# **Outlook for Parallel Computing in the Electric Power Industry**

Siddhartha Kumar Khaitan

Electrical and Computer Engineering Iowa State University <u>skhaitan@iastate.edu</u>



PSERC Webinar March 19, 2013

## **Presentation Overview**

2

- Acceleration using high performance (parallel) computing (HPC) techniques
  - Basics of HPC and parallelization paradigms (shared memory and distributed computing)
  - Parallelization approach (task-level and data-level) and parallel solvers
  - Applications of HPC (Dynamic security assessment)
- Addressing resource-usage efficiency in HPC using task-scheduling techniques
  - Static and dynamic techniques (Master-Slave, Work-Stealing, etc.)
- State-of-the-art HPC languages and their unique features
  - C/C++ (MPI, Cilk, OpenMP, Pthread, Hybrid)
  - D, JAVA, GO, CHAPEL, X10
  - Which one suits your needs?
- Porting legacy code on HPC platforms
- TDPSS: A Scalable Time Domain Power System Simulator for Dynamic Security Assessment
- Results

# **The Importance of Using HPC**

3

- Most modern day applications are extremely dataand/or compute-intensive.
- <u>Example 1</u>: Consider *N*-*k* contingency analysis with N=12000, k=1, k=2 and 10 seconds/contingency.

#### =>Serial execution ~33 hrs and ~23 yrs !

- <u>Example 2</u>: PJM does security assessment for 3,000 contingencies in 15 minutes with 40 processors
- <u>Example 3</u>:YouTube serves 100 million videos/day!
- <u>Example 4</u>: Every month 3 billion photos are uploaded to Facebook!
- Parallel computing (HPC) is an essential computation paradigm for today's applications.



Parallel computing provides much higher throughput!

# **Benefits of Parallel Computing**

- By Moore's law, transistors/chip are increasing, but due to power limits, it is very difficult to make a single processor faster.
- Parallel computing provides saving of time/money
- Ability to solve larger problems in same time
- Ability to distribute problems over large number of processors, which may be situated remotely

## Parallelism is the future of computing!

# **Requirements for Parallel Computing**

#### Hardware

 Parallel hardware for performing parallel computations e.g. multicore CPU, GPU (graphics processing unit) or FPGA (field-programmable gate array).

#### Software

- Significant part of the computation should be parallelizable to get good speedups (Amdahl's law)
- Minimal communication and synchronization
- Scheduling algorithms
- Specialized parallel programming languages

# **Examples of HPC Applications**

- Bioinformatics
- Particle physics
- Aerospace
- Defense
- Telecommunication
- Power systems

HPC is available through **cloud** (e.g.

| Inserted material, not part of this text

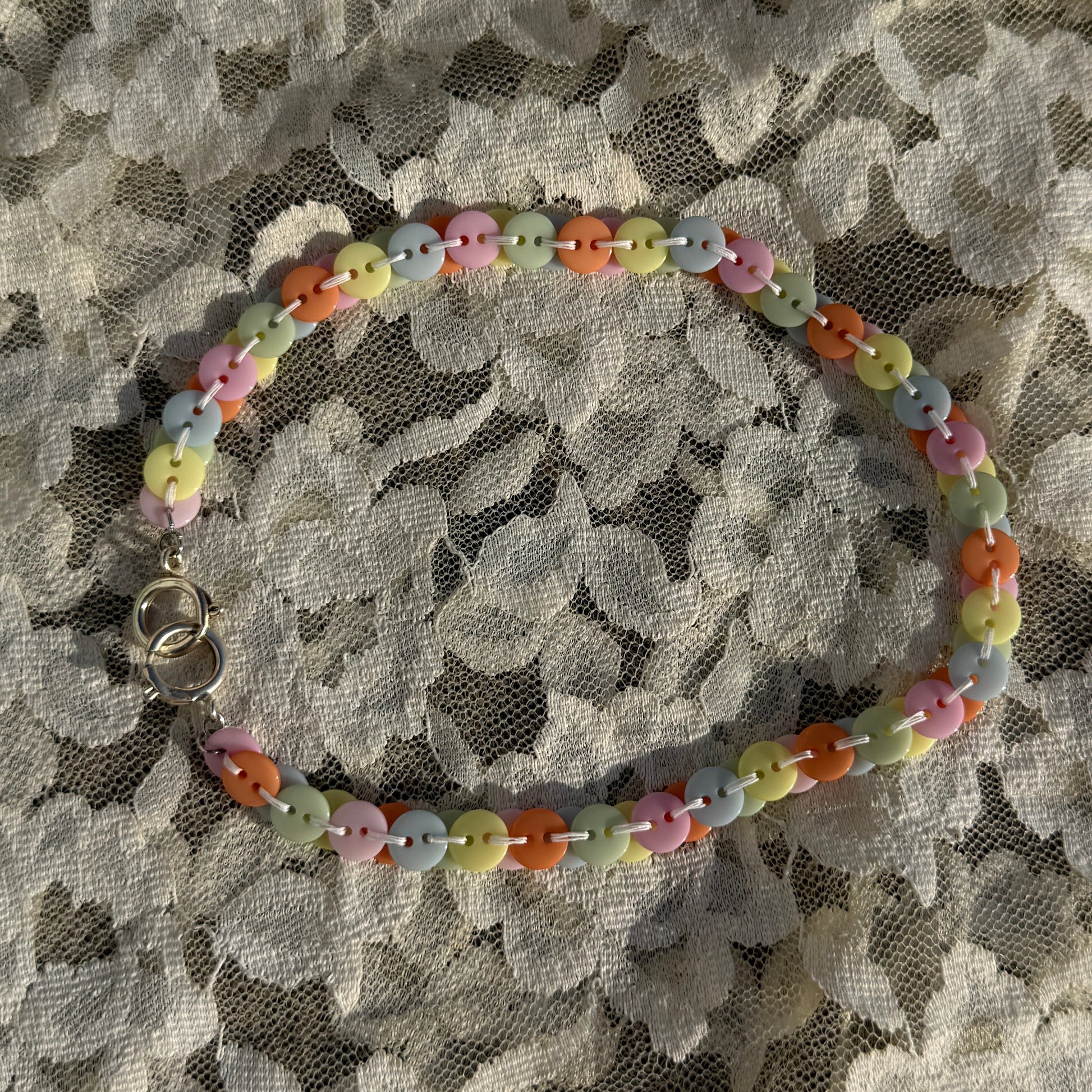 Inspired by a real candy necklace worn casually, the Candy Button necklace is made from candy-colored buttons stitched together and attached to a clasp, and is made to order.

Amazon <u>aws.amazon.com/hpc-applications/</u>), Penguin Computing (<u>penguincomputing.com</u>), IBM, etc. HPC Systems are provided by IBM, Intel, etc., and installed by Penguin Computing, Dell, etc.

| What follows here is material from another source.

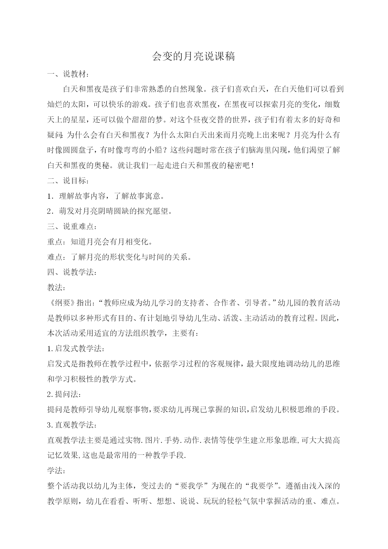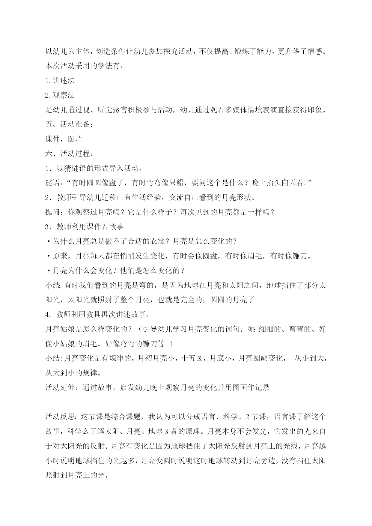 大班语言:《会变的月亮》 横店幼教集团第二中心园区金益亲 活动目标: 1.理解故事内容,了解故事寓意。 2.萌发对月亮阴晴圆缺的探究愿望。 活动准备: 课件,图片 活动过程: 1.以猜谜语的形式导入活动。 师:“有时圆圆像盘子,有时弯弯像只船,要问这个是什么?晚上抬头向天看。” 2.教师引导幼儿迁移已有生活经验,交流自己看到的月亮形状。 提问:你观察过月亮吗?它是什么样子?每次见到的月亮都是一样吗? 3.教师利用课件看故事 (1)这个故事名字叫什么?故事里说了件什么事? (2)裁缝为月亮姑娘做衣裳前做了些什么?(量尺寸) (3)为什么月亮姑娘衣裳总是不合身呢?(月亮在不停变化) (4)裁缝为月亮姑娘一共做了几次衣裳?(3次) (5)月亮姑娘是怎么变化的?介绍比喻句。(图片:眉毛、镰刀、小船、圆盘) 小结:有时我们看到的月亮是弯的,是因为地球在月亮和太阳之间,地球挡住了部分太阳光,太阳光就照射了整个月亮,也就是完全的,圆圆的月亮了。 4.教师利用教具再次讲述故事。 (1)月亮每天都在变化,月亮姑娘是按什么规律变化的?(由瘦到胖的规律) (2)因为月亮的变化,所以月亮衣裳尺码应该怎么做呢?(越来越大) (3)变成圆盘的月亮会一直圆圆的吗?(慢慢瘦下来) (4)你觉得月亮姑娘像什么?我们也来用好听的比喻句来说说。(好像------) 小结:月亮变化是有规律的,月初月亮小,十五圆,月底小,月亮圆缺变化,从小到大,从大到小的规律。 活动延伸:通过故事,启发幼儿晚上观察月亮的变化并用图画作记录。 会变的月亮说课稿 一、说教材: 白天和黑夜是孩子们非常熟悉的自然现象。孩子们喜欢白天,在白天他们可以看到灿烂的太阳,可以快乐的游戏。孩子们也喜欢黑夜,在黑夜可以探索月亮的变化,细数天上的星星,还可以做个甜甜的梦。对这个昼夜交替的世界,孩子们有着太多的好奇和疑问:为什么会有白天和黑夜?为什么太阳白天出来而月亮晚上出来呢?月亮为什么有时像圆圆盘子,有时像弯弯的小船?这些问题时常在孩子们脑海里闪现,他们渴望了解白天和黑夜的奥秘。就让我们一起走进白天和黑夜的秘密吧! 二、说目标: 1.理解故事内容,了解故事寓意。 2.萌发对月亮阴晴圆缺的探究愿望。 三、说重难点: 重点:知道月亮会有月相变化。 难点:了解月亮的形状变化与时间的关系。 四、说教学法: 教法: 《纲要》指出:“教师应成为幼儿学习的支持者、合作者、引导者。”幼儿园的教育活动是教师以多种形式有目的、有计划地引导幼儿生动、活泼、主动活动的教育过程。因此,本次活动采用适宜的方法组织教学,主要有: 1.启发式教学法: 启发式是指教师在教学过程中,依据学习过程的客观规律,最大限度地调动幼儿的思维和学习积极性的教学方式。 2.提问法: 提问是教师引导幼儿观察事物,要求幼儿再现已掌握的知识,启发幼儿积极思维的手段。3.直观教学法: 直观教学法主要是通过实物.图片.手势.动作.表情等使学生建立形象思维,可大大提高记忆效果,这也是最常用的一种教学手段. 学法: 整个活动我以幼儿为主体,变过去的“要我学”为现在的“我要学”。遵循由浅入深的教学原则,幼儿在看看、听听、想想、说说、玩玩的轻松气氛中掌握活动的重、难点。以幼儿为主体,创造条件让幼儿参加探究活动,不仅提高、锻炼了能力,更升华了情感。本次活动采用的学法有: 1.讲述法 2.观察法 是幼儿通过视、听觉感官积极参与活动,幼儿通过观看多媒体情境表演直接获得印象。 五、活动准备: 课件,图片 六、活动过程: 1.以猜谜语的形式导入活动。 谜语:“有时圆圆像盘子,有时弯弯像只船,要问这个是什么?晚上抬头向天看。” 2.教师引导幼儿迁移已有生活经验,交流自己看到的月亮形状。 提问:你观察过月亮吗?它是什么样子?每次见到的月亮都是一样吗? 3.教师利用课件看故事 ·为什么月亮总是做不了合适的衣裳?月亮是怎么变化的? ·原来,月亮每天都在悄悄发生变化,有时会像圆盘,有时像眉毛,有时像镰刀。 ·月亮为什么会变化?他们是怎么变化的? 小结:有时我们看到的月亮是弯的,是因为地球在月亮和太阳之间,地球挡住了部分太阳光,太阳光就照射了整个月亮,也就是完全的,圆圆的月亮了。 4.教师利用教具再次讲述故事。 月亮姑娘是怎么样变化的?(引导幼儿学习月亮变化的词句。如:细细的、弯弯的、好像小姑娘的眉毛。好像弯弯的镰刀等。) 小结:月亮变化是有规律的,月初月亮小,十五圆,月底小,月亮圆缺变化,从小到大,从大到小的规律。 活动延伸:通过故事,启发幼儿晚上观察月亮的变化并用图画作记录。 活动反思:这节课是综合课题,我认为可以分成语言、科学、2节课,语言课了解这个故事,科学么了解太阳、月亮、地球3者的原理。月亮本身不会发光,它发出的光来自于对太阳光的反射。月亮有变化是因为地球挡住了太阳光反射到月

- ISO New England –for robust unit commitment evaluation
- GE Energy for improving PSLF simulation performance and capability
- Hydro Quebec uses the platform provided by OPAL RT technologies for operation and design
- LLNL (Lawrence Livermore National Laboratory ) for research
- PNNL (Pacific Northwest National Laboratory) to enhance energy infrastructure and operations
- Walmart, FedEx, Motorola, Whirlpool, Portland Cement Association, etc.
- Here we focus on dynamic security assessment in power systems.

### **Power System Security Assessment (SA)**

- SA is important for avoiding overloads, voltage instability, transient instability, cascading outages, and blackouts
- The service cost of one hour of downtime in credit card authorization is \$2,600,000!
- To avoid it, contingency analysis is performed.
- Analyzing a large number of contingencies requires high computation power
- Parallelization and HPC techniques necessary to get high throughput.

## **Issues in Parallel Computing Programming**

- Memory Architectures (Shared, Distributed, Hybrid)
- Programming Models (Shared, Distributed, Hybrid)
- Type of Parallelization (Data/Task)
- Load Balancing
- Synchronization/Communication
- Programming Languages
- Memory per Core
- Latency/Bandwidth
- **Cost** (Price of parallel processors (servers up to 16 cores) ranges between \$400 to \$4,700)
  - <u>http://www.cpu-</u> world.com/Price Compare/Server CPU prices %28latest%29.html
  - <u>http://www.newegg.com/Processors-Servers/SubCategory/ID-727</u>

# **Parallelization Paradigms**

How parallelization is implemented

- Shared memory
  - Different processors/threads share main memory
- Distributed memory (distributed computing)
  Each processor has its own memory
- Hybrid approach
- PGAS (Partitioned Global Address Space)

## **Shared Memory Computing**

- Different cores/threads share memory
- Example: multithreading in languages such as Java, D, OpenMP, Go, Cilk.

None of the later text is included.